#### [PROVIDED INFORMATION]
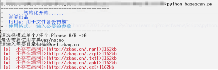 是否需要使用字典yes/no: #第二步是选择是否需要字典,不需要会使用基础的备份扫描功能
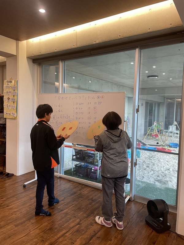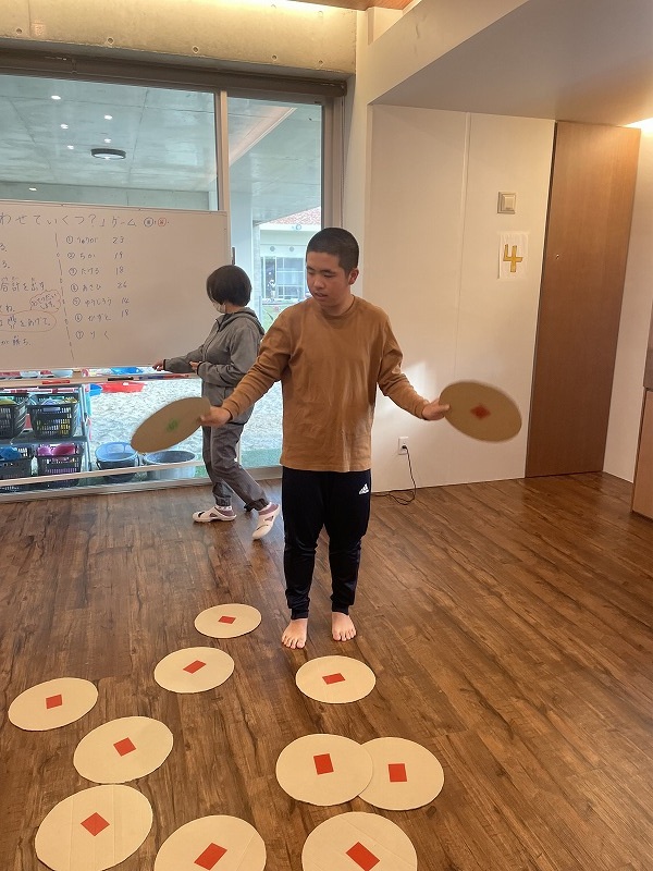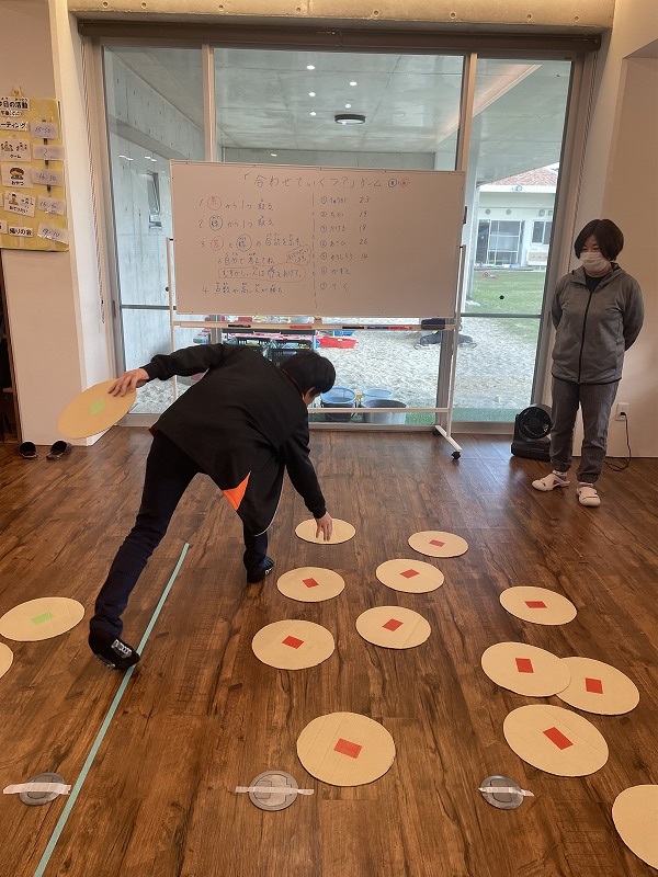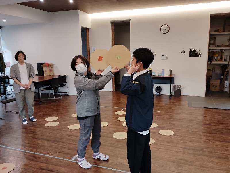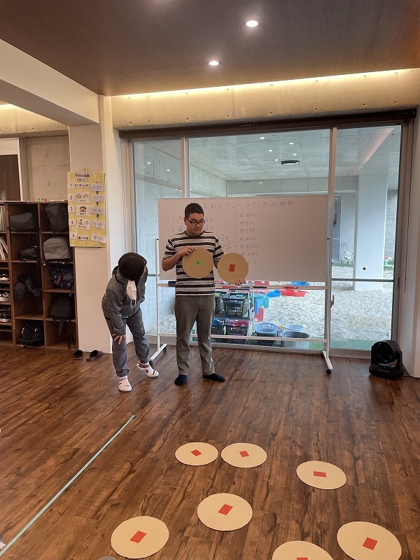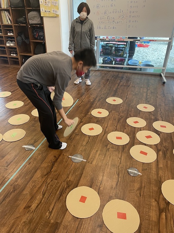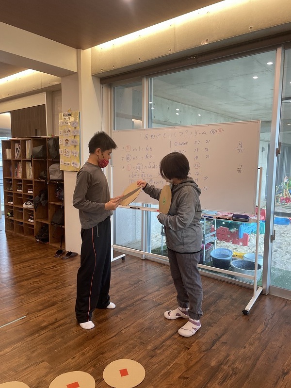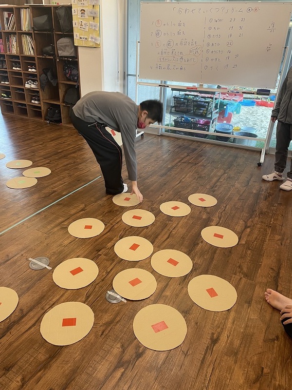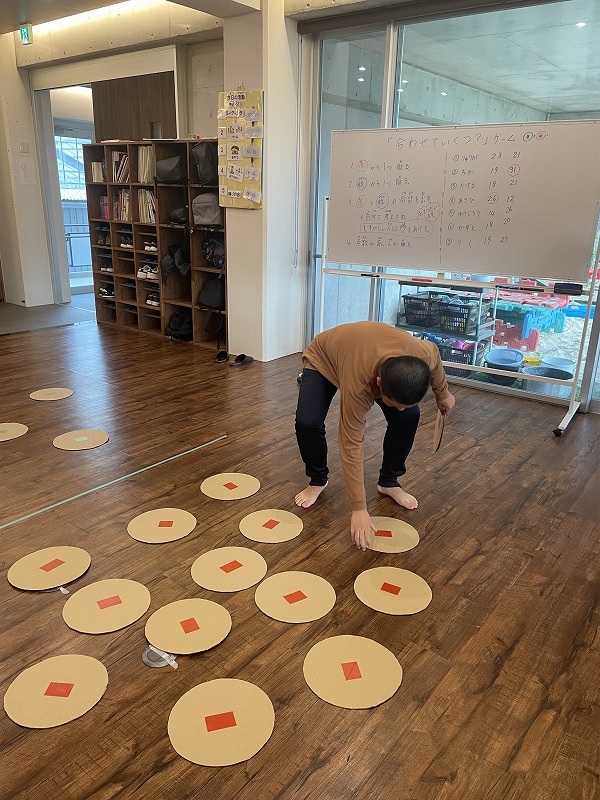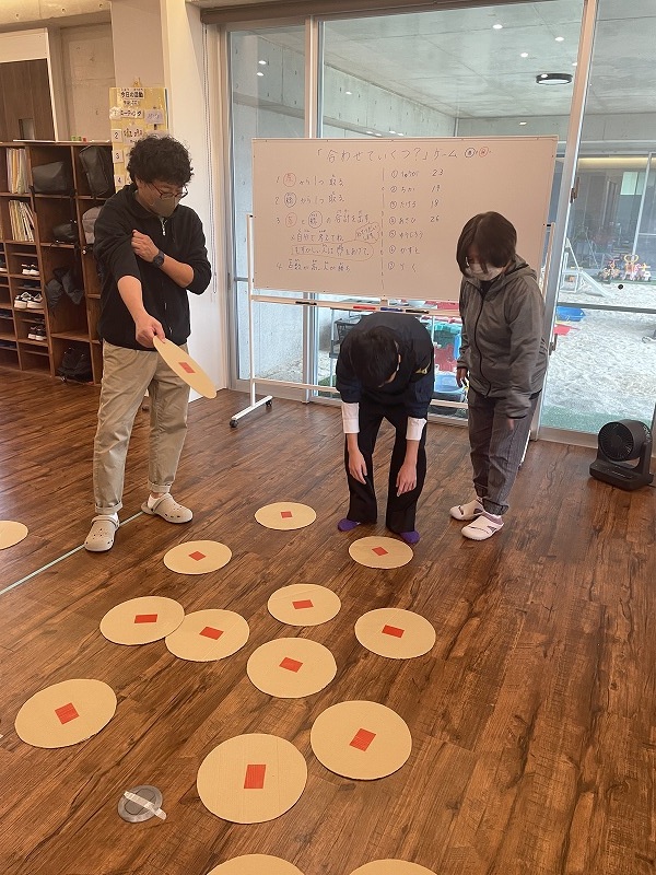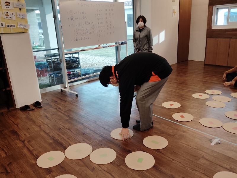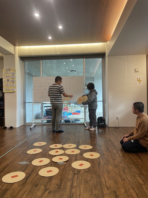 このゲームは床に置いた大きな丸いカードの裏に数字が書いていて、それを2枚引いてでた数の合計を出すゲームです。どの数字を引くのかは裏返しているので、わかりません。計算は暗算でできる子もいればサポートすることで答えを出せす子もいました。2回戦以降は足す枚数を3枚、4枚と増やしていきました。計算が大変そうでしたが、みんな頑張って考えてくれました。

--

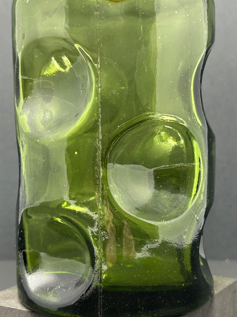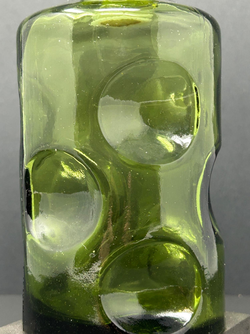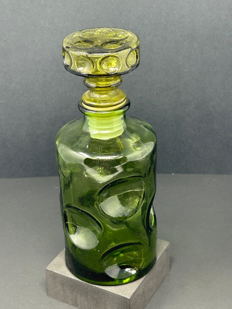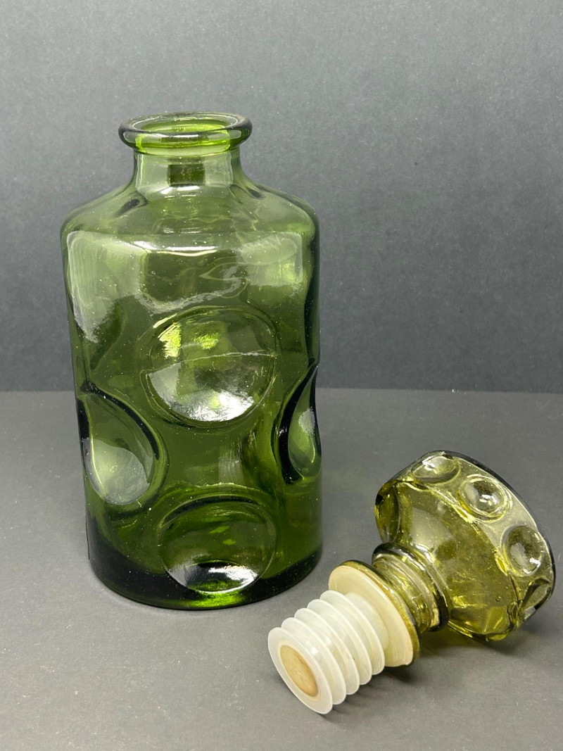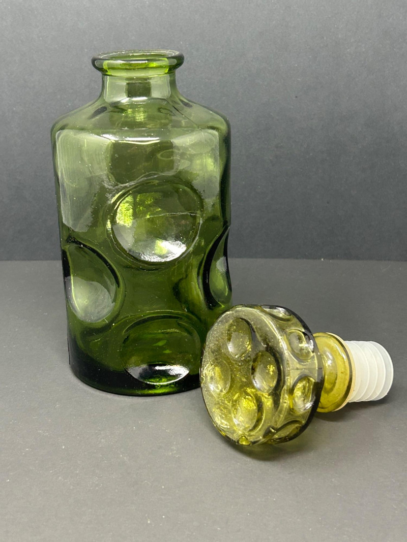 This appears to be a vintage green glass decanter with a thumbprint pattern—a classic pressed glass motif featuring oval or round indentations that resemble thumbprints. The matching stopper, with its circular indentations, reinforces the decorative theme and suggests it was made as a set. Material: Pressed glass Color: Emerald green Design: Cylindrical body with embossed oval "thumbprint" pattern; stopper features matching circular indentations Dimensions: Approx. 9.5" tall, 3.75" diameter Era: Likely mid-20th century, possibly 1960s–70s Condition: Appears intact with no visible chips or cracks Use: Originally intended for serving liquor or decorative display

---

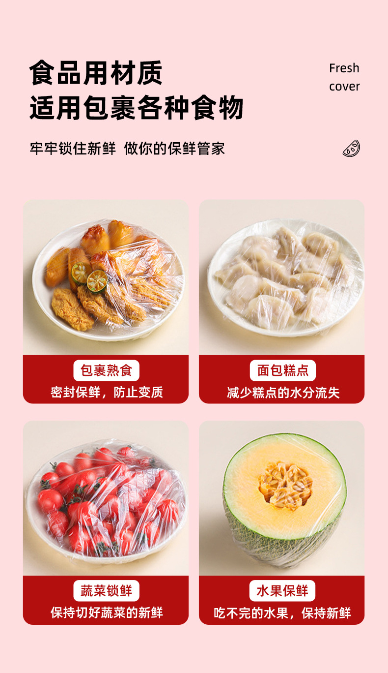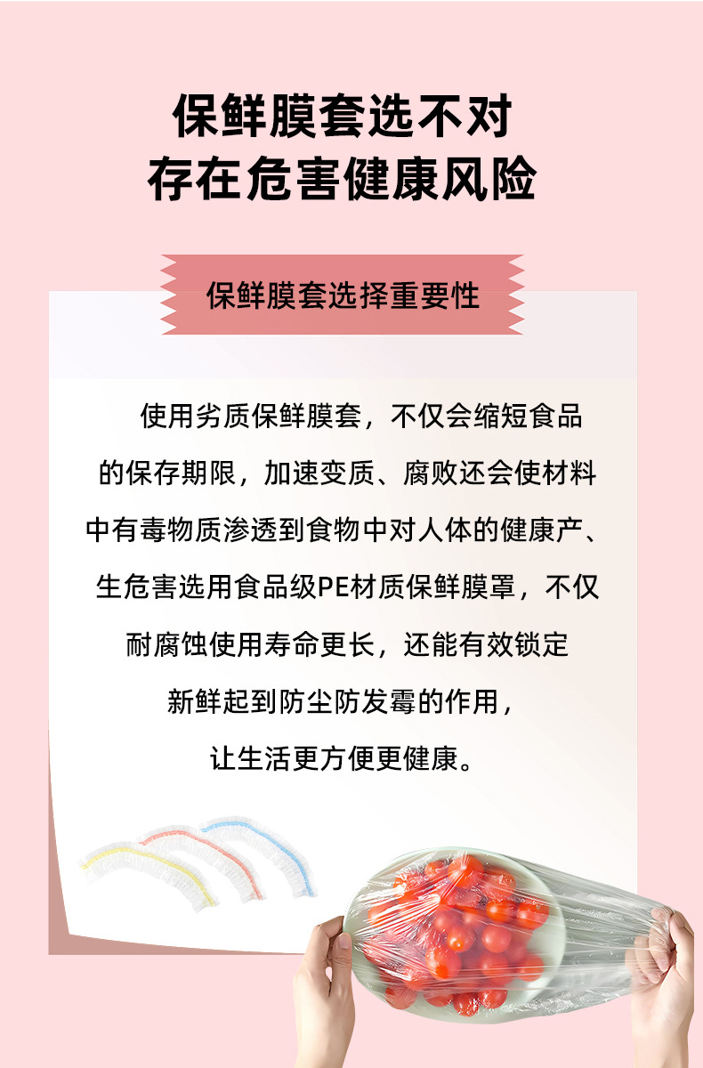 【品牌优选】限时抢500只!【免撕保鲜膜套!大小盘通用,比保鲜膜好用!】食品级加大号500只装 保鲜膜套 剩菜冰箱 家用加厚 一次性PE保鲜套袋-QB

#### [EXERCISE OBJECTIVE]
In the listing above, find the line containing "是否需要使用字典yes/no" and the line containing "このゲームは床に置いた大きな", then return both of them and every line between, exactly, without pictures.

#### [RESPONSE BOX]
 是否需要使用字典yes/no: #第二步是选择是否需要字典,不需要会使用基础的备份扫描功能
 このゲームは床に置いた大きな丸いカードの裏に数字が書いていて、それを2枚引いてでた数の合計を出すゲームです。どの数字を引くのかは裏返しているので、わかりません。計算は暗算でできる子もいればサポートすることで答えを出せす子もいました。2回戦以降は足す枚数を3枚、4枚と増やしていきました。計算が大変そうでしたが、みんな頑張って考えてくれました。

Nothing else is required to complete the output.